As a kid, one of my jobs was picking up the gum balls in the yard. It wasn't fun then and I'm beyond over picking them up before I mow. I've read that you can inject the tree with a hormone to prevent it from producing the gum balls. Has anyone tried this? If so, what was your experience and would you recommend?

Thanks,
Ray


----------



## Ware (Jan 28, 2017)

My neighbor tried a deflowering agent one year, but it did not work for him. I think the dose and timing is very critical, and I wasn't there when he did it, so I can't say for sure if he did everything exactly like he was supposed to. They eventually moved and the new owner had the tree removed. It no longer produces gum balls.


----------



## Babaganoosh (Apr 21, 2019)

Sweet gum is a garbage tree. It's only redeeming quality is the fall foliage. The seed pods are terrible, the roots are terrible, and the firewood from it is one of the worst you can get. I hate sweet gum trees with a passion.

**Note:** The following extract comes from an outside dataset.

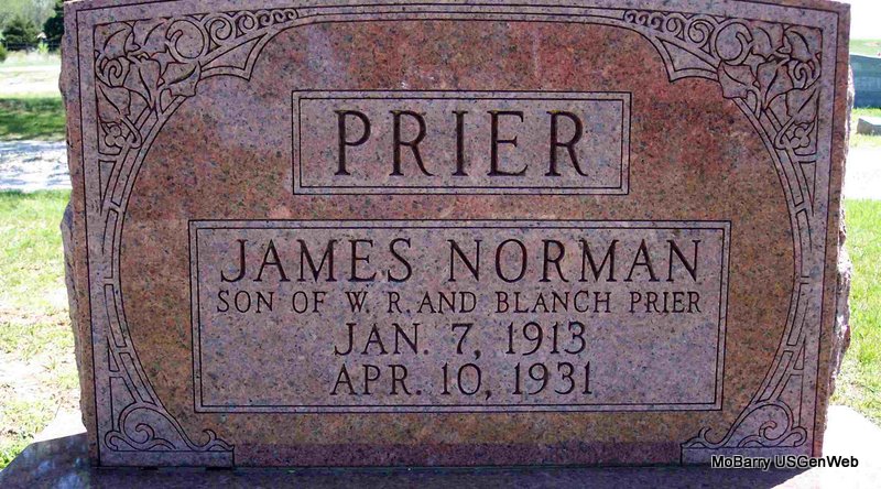 Inscription: "Son of W. R. and Blanch Prier" - Research Note: He was the son of William Roland Prier and Blanch Ella Mackey both born Butterfield, MO. Cause of death was influenza. Thurman A. Prier of Butterfield, MO was the informant on the death certificate. | Death Certificate Phyllis Long Photo Diana Cope |

I'd remove it and plant a better tree in its place.


----------



## Grass Clippins (Apr 30, 2018)

@Babaganoosh Preach...
@RayTL Cut them down, sweetgums are the worst. They're invasive and will try to take over. I did a hack & squirt with tordon rtu last summer, to kill them, and it had no effect. I doubt anything is will stop them from seeding. If anything it will probably piss them off and make them produce bigger spikier seed pods for you to step on. That's the type of a-hole tree you're dealing with.


----------



## RayTL (Jun 4, 2018)

Haha, thanks y'all, consensus seems to be cut it down. Definitely not ruling that out :thumbup: , but it does provide a ton of shade and it's been there a long time. Lightening tried to take it out the year before last, but it persevered. We shall see how much longer I can stand picking them up.


----------